Читаем Об искусстве полностью

Второй синтез, ничуть не менее значительный, — в соединении во многих картинах импрессионистского моментализма с монументализмом. Это, конечно, страшно трудно. В великолепном большом «Портрете дочери» поза веселой, жизнерадостной девушки, вдруг нагнувшейся, чтобы завязать бант на башмаке, ласково, весело, живо взирающей на зрителя, передана с мимолетностью почти японской. Это всегда бывает несколько рискованно, потому что на картине поза эта остается все время одной и той же, и если вы будете смотреть на нес полчаса (а она стоит того — картина такая, что невольно зовет полюбоваться собою), то поза может показаться натянутой, смех, мимолетный и искрящийся, может показаться гримасой. Ничего подобного нет у Кончаловского. Остановленный, завороженный миг так могуче утверждает себя в каждую единицу времени вашего внимания, что только вновь и вновь вест на вас с полотна той же молодой жизнерадостностью.

То же можно сказать и о картине «Новгородцы». Жесты как бы моментально сфотографированы, почти кинематографично; остановленный фильм — ведь это плохо? А между тем картина явно претендует на монументальность и достигает ее, она не производит ни впечатления застывшей, ни впечатления мелко взятой; так характерно выбраны эти жесты рук, эти позы, эти выражения лиц. Синтез жизненности в ее полноте и монументальности, ее покое, это — трудный синтез. Он теперь удается Кончаловскому.

Третий синтез лежит в плоскости поэтического творчества Кончаловского. Все его картины поэтичны, в них масса настроения. И не только в упомянутых мною картинах, изображающих людей, но и в пейзажах. Итальянские пейзажи все чрезвычайно значительны[170]

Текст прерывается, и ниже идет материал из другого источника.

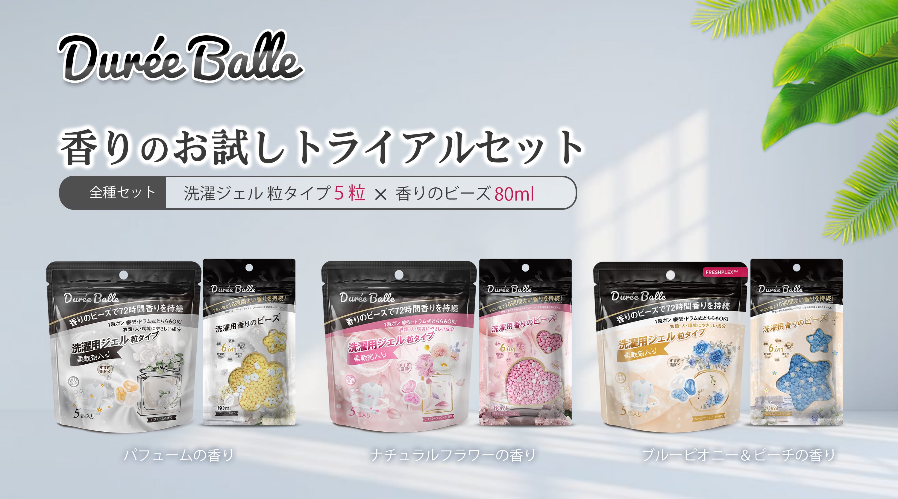 デュリボール 洗濯用ジェル粒タイプ&香りのビーズ 全6種類セット ・香りって人それぞれ好みは違う。 ・大きいサイズを買う前に香りを試してみたい。 お客様の声から生まれた特別なスターターセットが発売開始。 パフュームの香り ナチュラルフラワーの香り ブルーピオニー & ピーチの香り 日常の洗濯にちょっとした贅沢を。 手軽に贅沢な香りと清潔感を楽しめる、新しい洗濯習慣を始めてみませんか? 心地よい香りで生活空間を彩るデュリボールの香りビーズを、ぜひご体験ください。 【洗濯用ジェル粒タイプ】 香りビーズ配合で、洗浄力と香りをひと粒で贅沢に。 衣類をしっかり洗い上げながら、上品で華やかな香りを長時間キープします。 柔軟剤成分も配合され、ふんわりとした肌ざわりに。 使い方と対応機種 使い方は簡単です。1粒を洗濯機にポンと入れるだけ。 洗剤・柔軟剤・香りづけの3役をこなすオールインワンタイプです。 縦型・ドラム式どちらの洗濯機にも対応し、お試し用5個入りのパウチタイプでお気に入りの香りを選んでください。 長期間の旅行や出張などにも便利です。 【香りのビーズ】 デュリボール香り付け専用ビーズは、洗濯物に高級感あふれる香りをプラスするためのフレグランスビーズです。 香りのお試しサイズや、トラベルサイズとしても便利な80mlのコンパクトなパウチで、使用量を自由に調節でき、お好みの香りの強さでお楽しみいただけます。 パフュームの香りは、衣類にエレガントで華やかな香りをまとわせ、洗濯物を特別な仕上がりへ導きます。 ナチュラルフラワーの香りは、自然でやさしい香りが特長で、衣類を爽やかに仕上げます。 ブルーピオニー&ピーチの香りは、ブルーローズとジャスミンの上品な香りが広がり、特別な香りと柔らかさをプラスします。 この香り専用ビーズは、洗剤や柔軟剤と一緒に洗濯機へ入れるだけで、最長16週間香りが持続します(※香りの持続期間は、衣類の素材、着用頻度、天候、湿度・温度などの保管環境によって変動します)。 さらに、柔軟効果・消臭・静電気防止・吸水力アップ・速乾性アップ・芳香の、6つの機能を1つにまとめた洗濯用フレグランスです。
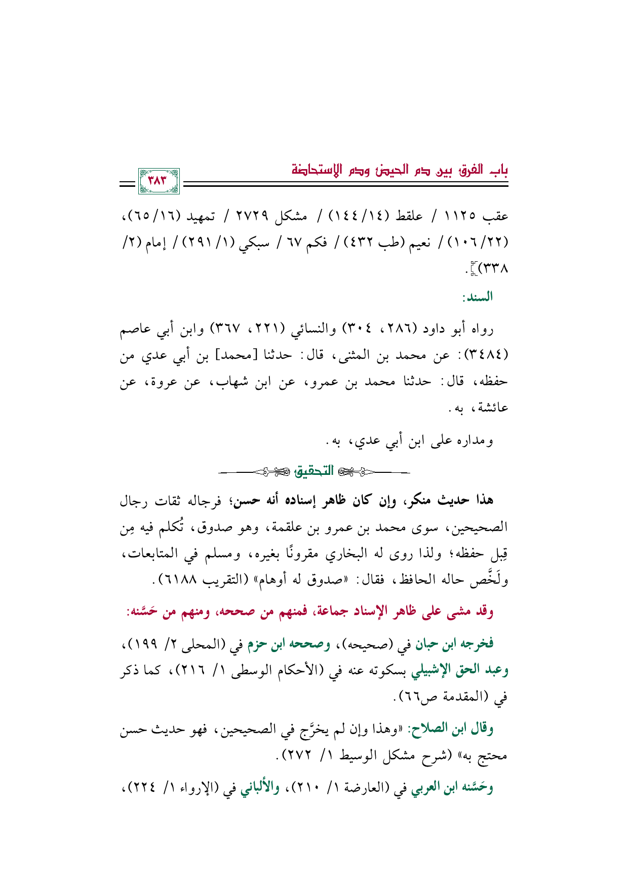 رواه أبو داود (٢٨٦، ٣٠٤) والنسائي (٢٢١، ٣٦٧) وابن أبي عاصم (٣٤٨٤): عن محمد بن المثنى، قال: حدثنا [محمد] بن أبي عدي من حفظه، قال: حدثنا محمد بن عمرو، عن ابن شهاب، عن عروة، عن عائشة، به.
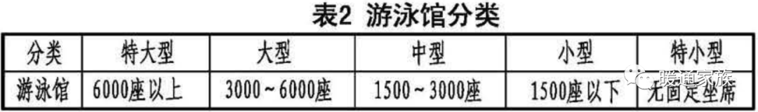 根据使用功能不同,游泳馆建筑可分为康乐用游泳馆和体育建筑游泳馆。体育建筑游泳馆分为比赛用和非比赛用。比赛用游泳馆建筑根据其使用要求和规模进行体育建筑的分级和游泳馆分类,见表1、表2。
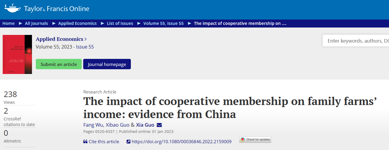 2023年9月,以我院教師郭廈副教授作為通訊作者的合作論文《The impact of cooperative membership on family farms’ income: evidence from China》在經濟學國際知名期刊《Applied Economics》上正式發表。
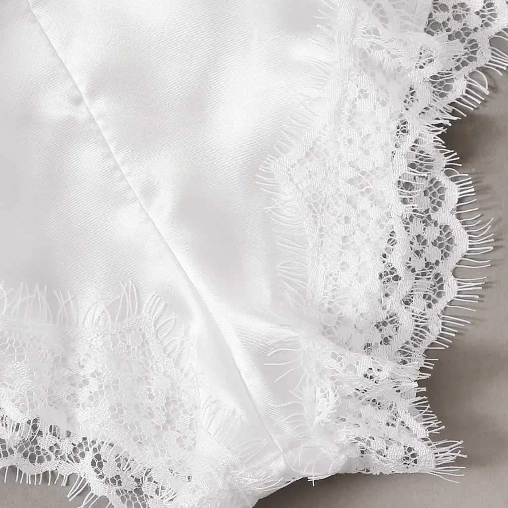 Женское кружевное боди с V-образным вырезом и бантом, пижама, Шелковый комбинезон
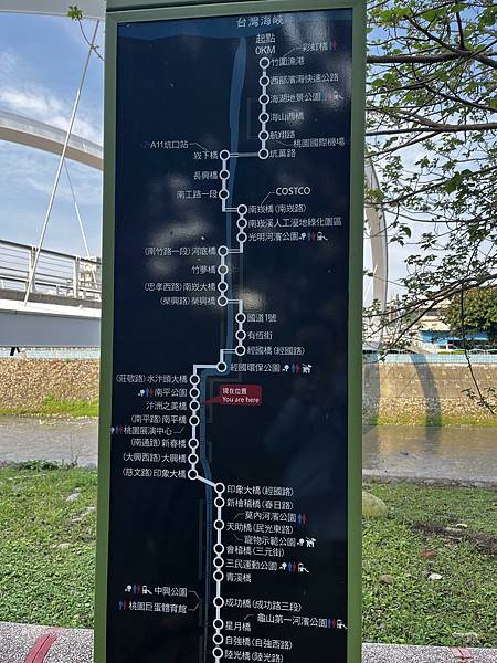 桃園很久以前就修了一條南崁溪腳踏車道,起點是龜山的長壽路,終點是竹圍漁港,沿著南崁溪規劃專門的道路讓人家行走、騎車,一路上也有公園、廟宇、座位可以讓人休息。
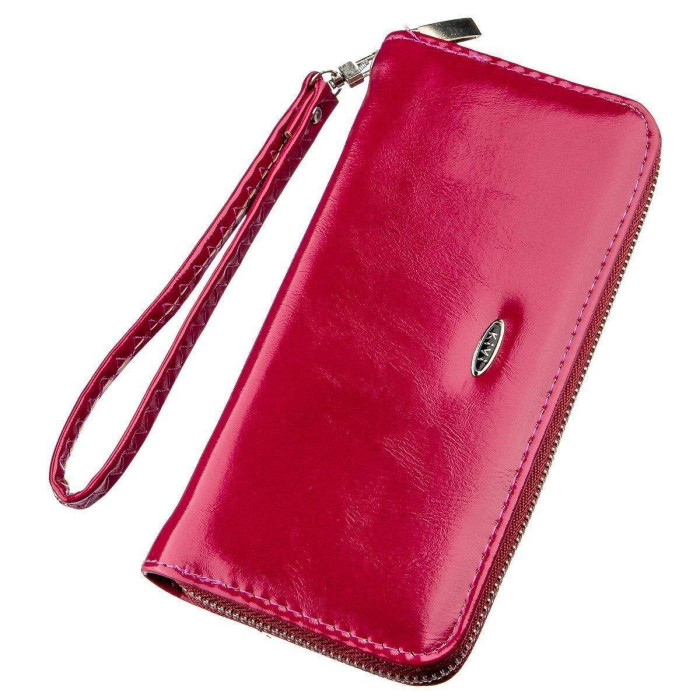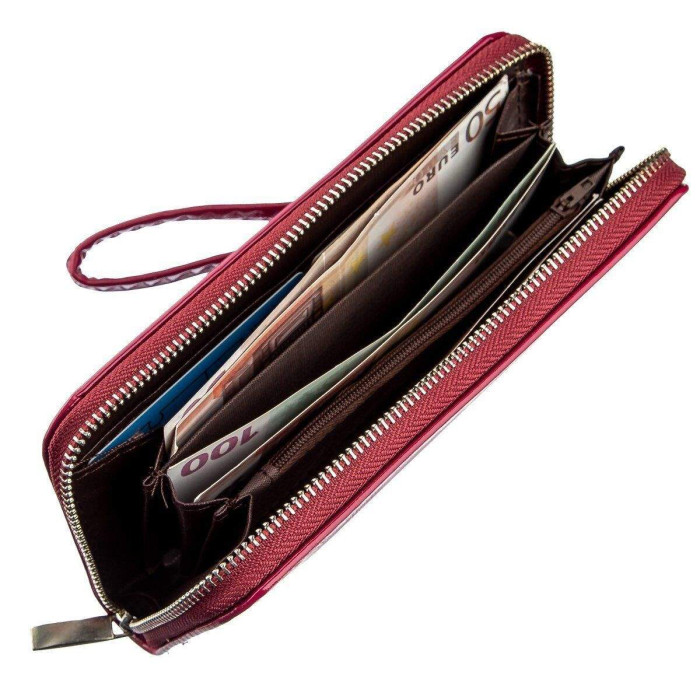 Витончений жіночий гаманець з екошкіри малинового кольору. Аксесуар має весь найнеобхідніший функціонал: просторі відділення для купюр, відділення для карток підібрані під розмір, відділення на блискавці і відкриті кишені. Модель доповнена блискавкою сріблястого кольору і металевим логотипом бренду на лицьовій стороні. Усередині виріб виготовлений з екошкіри в поєднанні з міцним текстилем. У нашому інтернет-магазині ви можете знайти будь-яку модель за доступною вартістю.
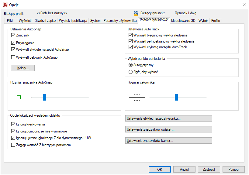Steruje ustawieniami związanymi z zachowaniem funkcji AutoTrack ™ , które jest dostępne, gdy włączone jest śledzenie biegunowe lub śledzenie lokalizacji względem obiektów (zobacz USTAWIENIARYS).
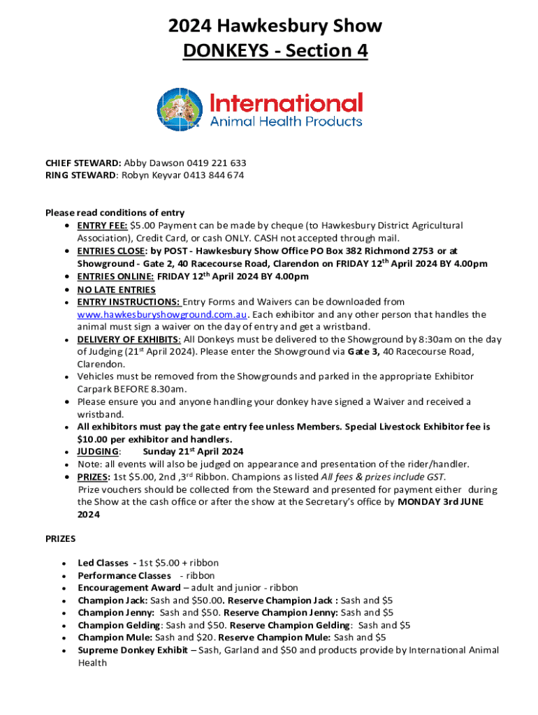 2024 Tewkesbury Show DONKEYS Section 4CHIEF STEWARD: Abby Dawson 0419 221 633 RING STEWARD: Robyn Key var 0413 844 674Please read conditions of entry FEE: $5.00 Payment can be made by check (to Tewkesbury
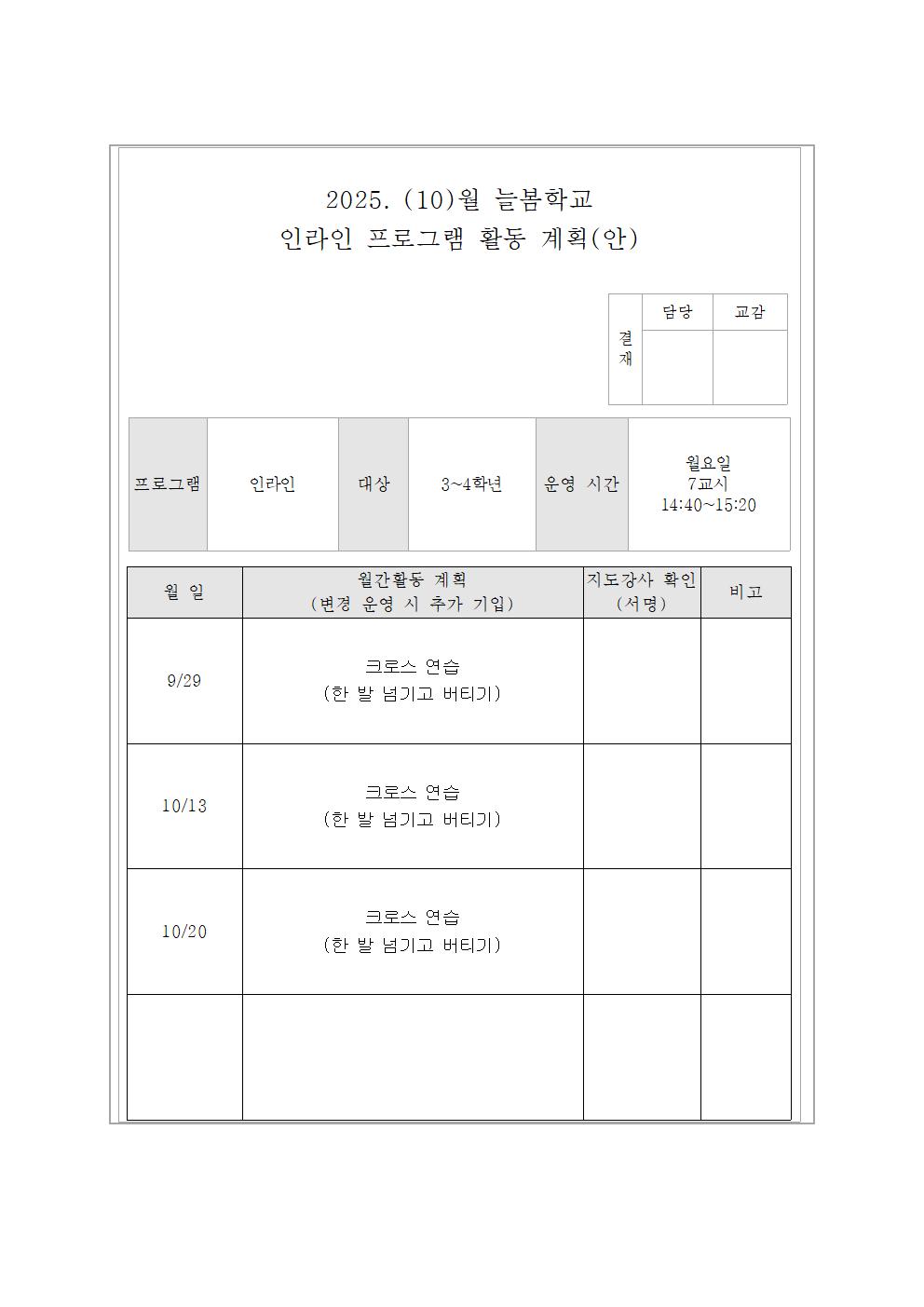 10월 인라인교실 활동 계획(안)
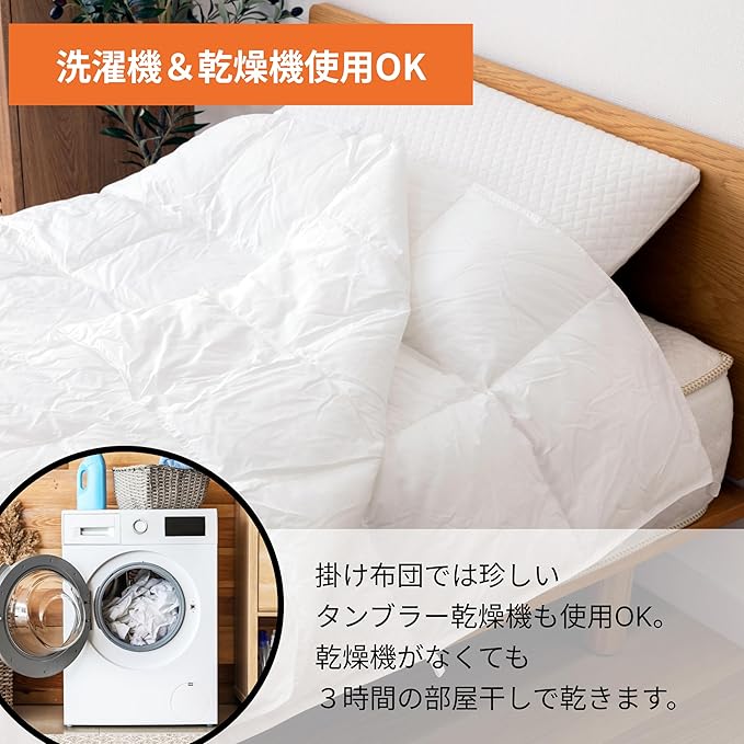 【人気の理由3】高コスパ。保温性や湿度の調整機能は羽毛と同レベル。羽毛では難しい丸洗い、乾燥機、圧縮、コンパクト化、防ダニなど多数の機能を揃えつつ、さらに価格が20,000円台〜という低コストも人気の秘密です。
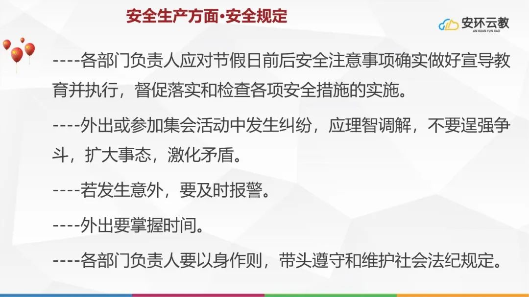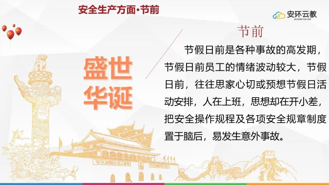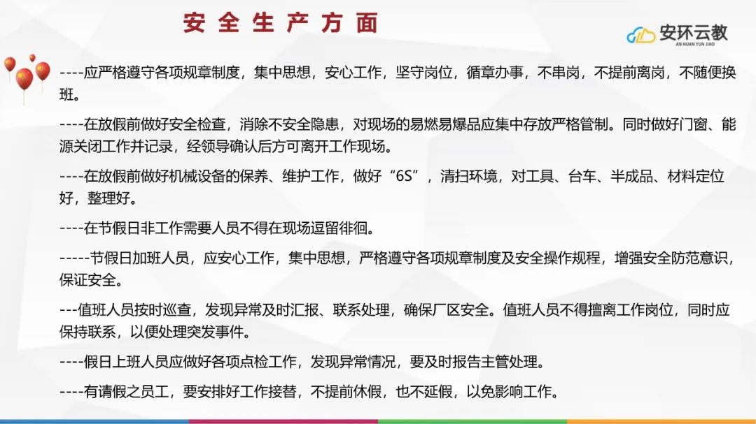 在十一假期來臨之際,為了保證大家渡過愉快、祥和、安全的假期,減少節(jié)假日前后及節(jié)假日安全事故的發(fā)生,安全從業(yè)人員必須要遵守安全生產(chǎn)、危險作業(yè)、消防安全、用電安全、交通安全、新冠疫情等方面的注意事項。
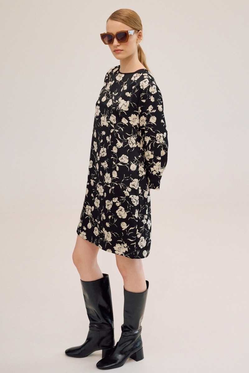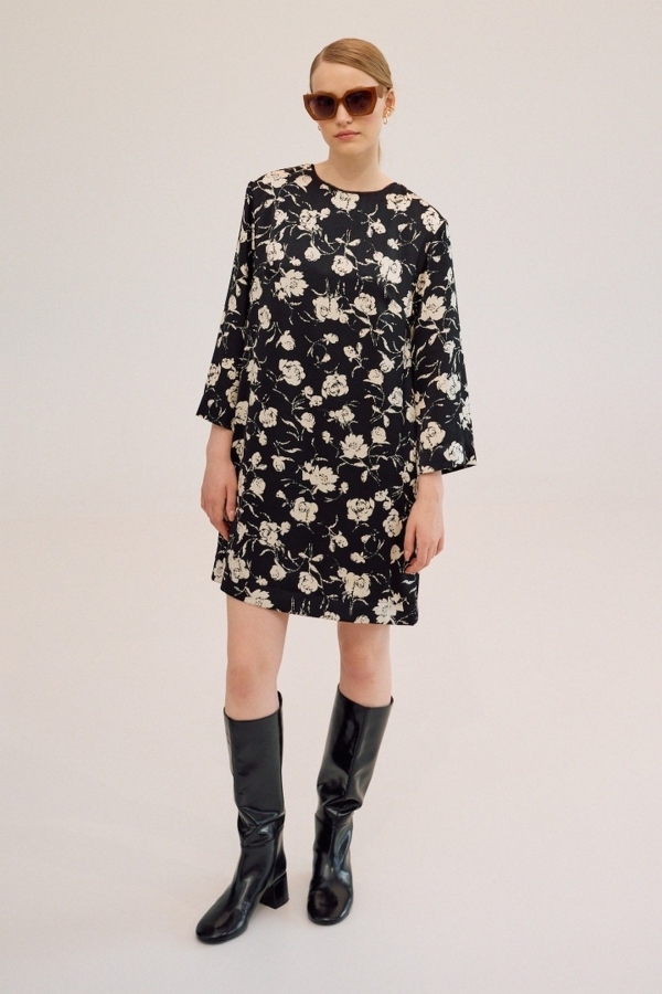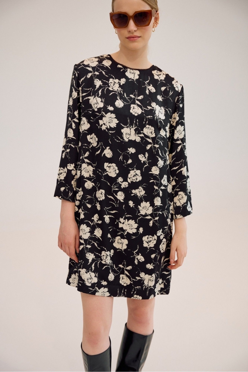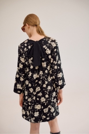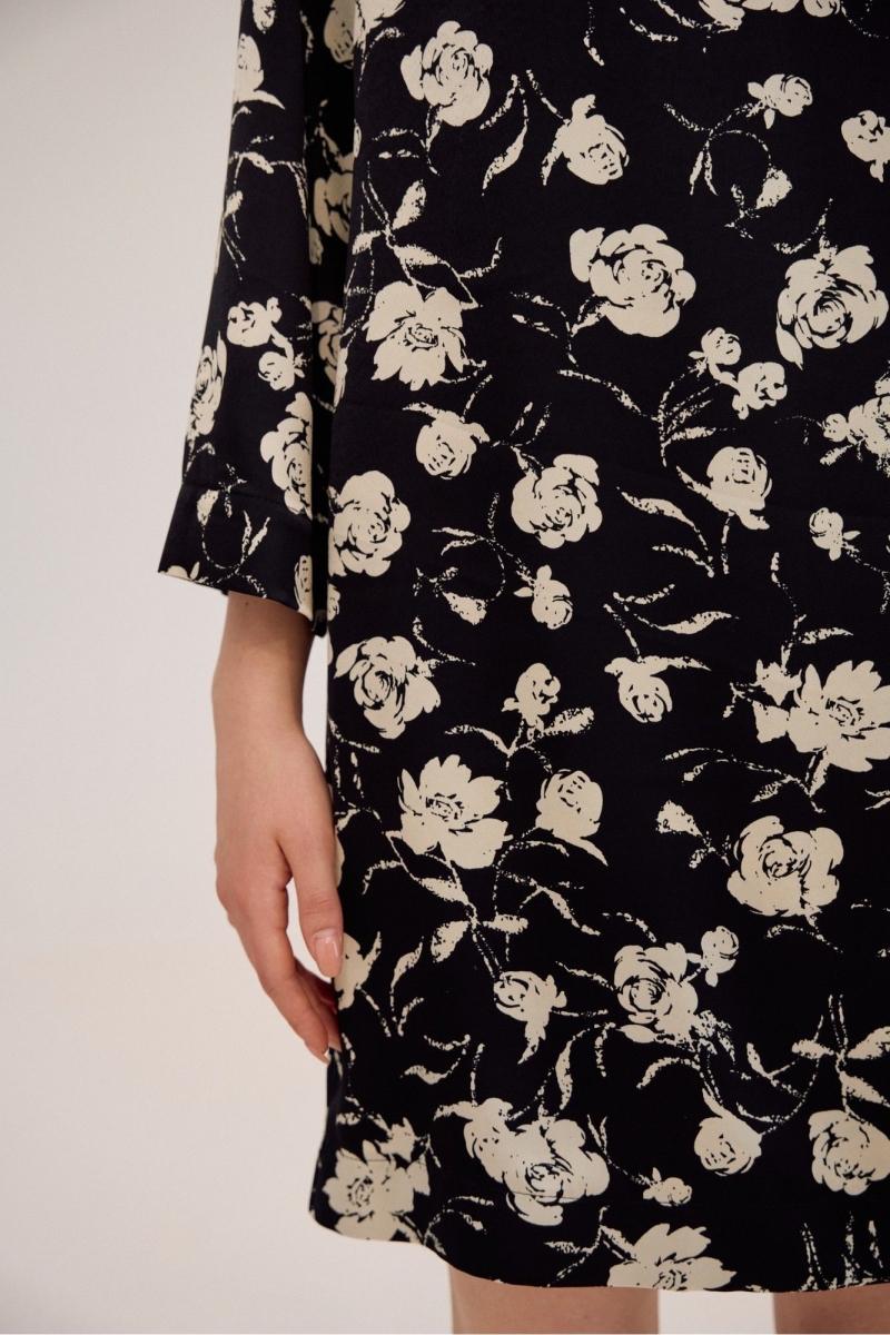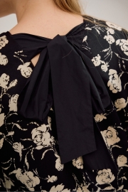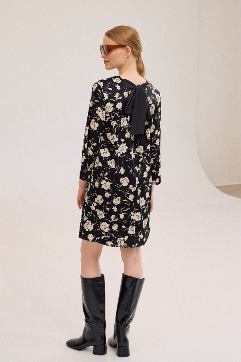 Платье свободного кроя на подкладке, выполнено из плательной ткани. Рукав три четверти, линия плеча спущена. По переду округлый вырез горловины, декорированный сеткой. По спинке средний шов, V-образный вырез горловины, с завязкой на бант. Платье: Длина по спинке от высшей точки горловины: 90 см Длина рукава: 49 см ОГ: 96-100-104-108 см (размер 42-44-46-48) ОТ: 94-98-102-106 см (размер 42-44-46-48) ОБ: 106-110-114-118 см (размер 42-44-46-48)

Каждый из них насыщен своим музыкальным настроением. В Европе Кончаловский выставил только эту серию картин, и тем не менее успех его был там велик, и я не удивляюсь этому. Я не удивляюсь, что по поводу великолепно вылепленного, такого стихийно изящного, такого мощно и вольно элегантного скалистого берега французская критика говорила о новом и помолодевшем Курбе. Это — высокая похвала. Еще более насыщен задумчивостью и жизненностью «Новгород» Кончаловского. На нем лежит не только тишина захолустья, поглотившего великую историю, но и какая–то не передаваемая словами многозначительность. Здания — настоящие живые существа. Может быть, отчасти этого достигли великие зодчие, инстинктивно их возводившие, но это открыл для нас вновь Кончаловский своей кистью. Оки необычайно органичны, эти здания, они не похожи ни на человека, ни на какое другое существо, но они живут, они думают, они спят и видят какие–то сны. Соединить большую насыщенность настроения (Slim–mung) и остаться настоящим и подлинным живописцем, для которого краски, формы и их комбинации — все, это еще не так трудно. Мы знаем многих мастеров подобного пейзажа и можем радоваться только тому, что Кончаловский легко поднялся до вершины этого творчества. Но это трудно в больших композициях с людьми.

Я уже говорил о портрете дочери. Еще раз возвращаюсь к нему. Портрет этот представляет собою чудесную, прямо–таки толстовски–психологическую поэму. Впечатление от этой здоровой радующейся девушки сильно, как полная солнца и юности страница, посвященная Толстым молодой Наташе; но вместе с тем трактовка шелкового платья, общая композиция, многие детали представляют собою великолепные живописно–красочные достижения. Мне пришлось бы говорить о мастерах Возрождения, если бы па пути к ним не встретился Ренуар. Кончаловский этим портретом стал рядом с Ренуаром, хотя, конечно, техника у него совершенно иная. Я говорю только о соединении психологии, огромной, почти животной, непосредственной радости жизни со столь прекрасно соединяющимся в аккорд с нею «пением» красок.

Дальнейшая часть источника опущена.